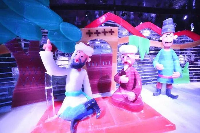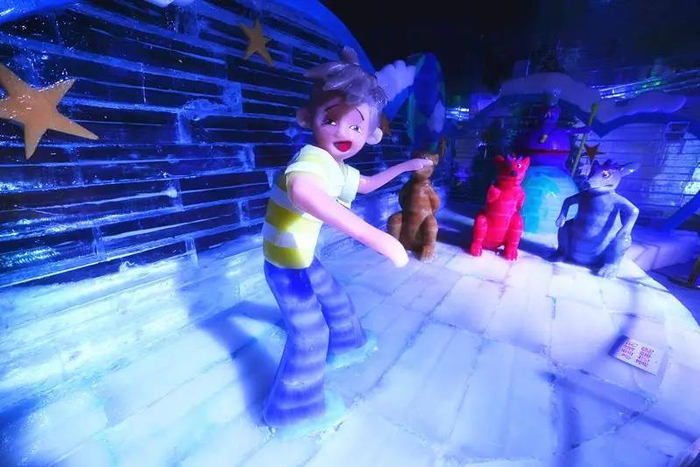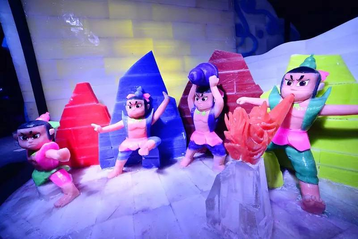 十项全能的葫芦娃、聪明勇敢的阿凡提、逃离老鼠王国不再邋遢的邋遢大王、大闹天宫的孙悟空……进门就看到一个个栩栩如生的经典卡通人物冰雕,有没有勾起你童年的回忆
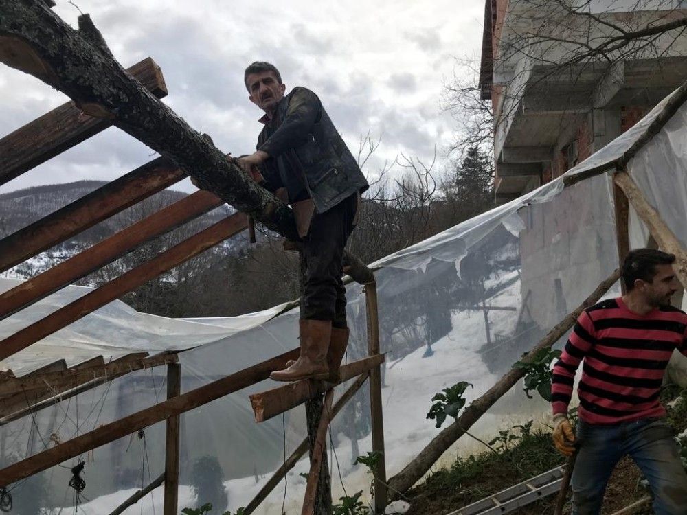 Kastamonu'nun İnebolu ilçesinde geçtiğimiz hafta etkili olan yoğun kar yağışı, köylerdeki birçok serada büyük hasarlara sebep oldu. Yaklaşık 2 metreye ulaşan kar, seraların yüzde 40'ınına yakınını kullanılamaz hale getirdi, 1 mandıra da yıkıldı.
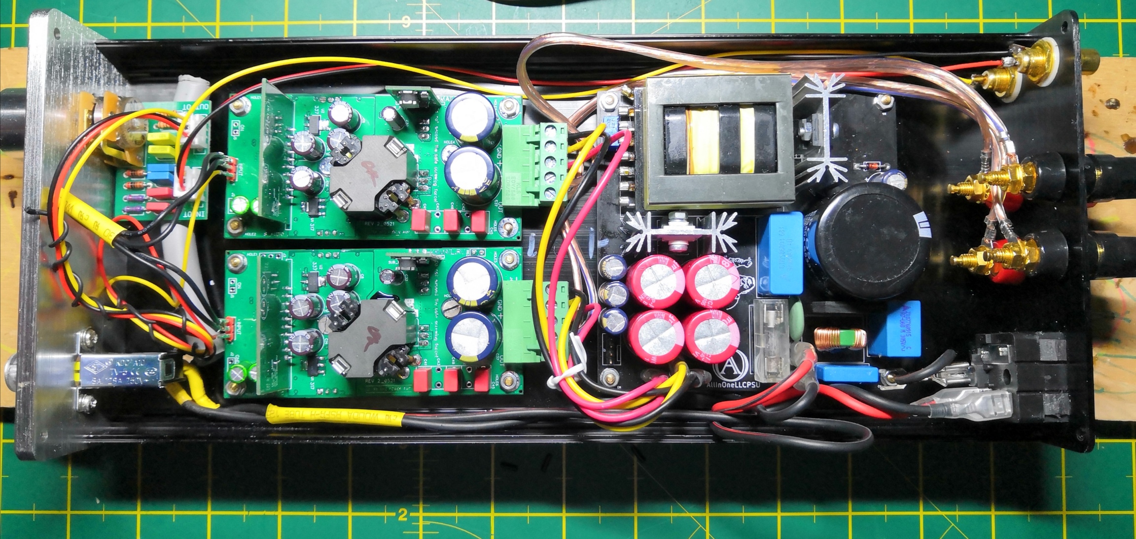 Это нереализуемо в данном корпусе (мешают платы), поэтому этот совет (как и РГ Никитина и прочее) для меня бесполезный, извините. Следующий совет - взять другой корпус - тоже, пожалуйста, не предлагайте. Он у меня намеренно такой, поскольку я хочу сделать усилитель компактным.

+++

Restate the data word for word and exclude every picture.

* Exercise output *
 十项全能的葫芦娃、聪明勇敢的阿凡提、逃离老鼠王国不再邋遢的邋遢大王、大闹天宫的孙悟空……进门就看到一个个栩栩如生的经典卡通人物冰雕,有没有勾起你童年的回忆
 Kastamonu'nun İnebolu ilçesinde geçtiğimiz hafta etkili olan yoğun kar yağışı, köylerdeki birçok serada büyük hasarlara sebep oldu. Yaklaşık 2 metreye ulaşan kar, seraların yüzde 40'ınına yakınını kullanılamaz hale getirdi, 1 mandıra da yıkıldı.
 Это нереализуемо в данном корпусе (мешают платы), поэтому этот совет (как и РГ Никитина и прочее) для меня бесполезный, извините. Следующий совет - взять другой корпус - тоже, пожалуйста, не предлагайте. Он у меня намеренно такой, поскольку я хочу сделать усилитель компактным.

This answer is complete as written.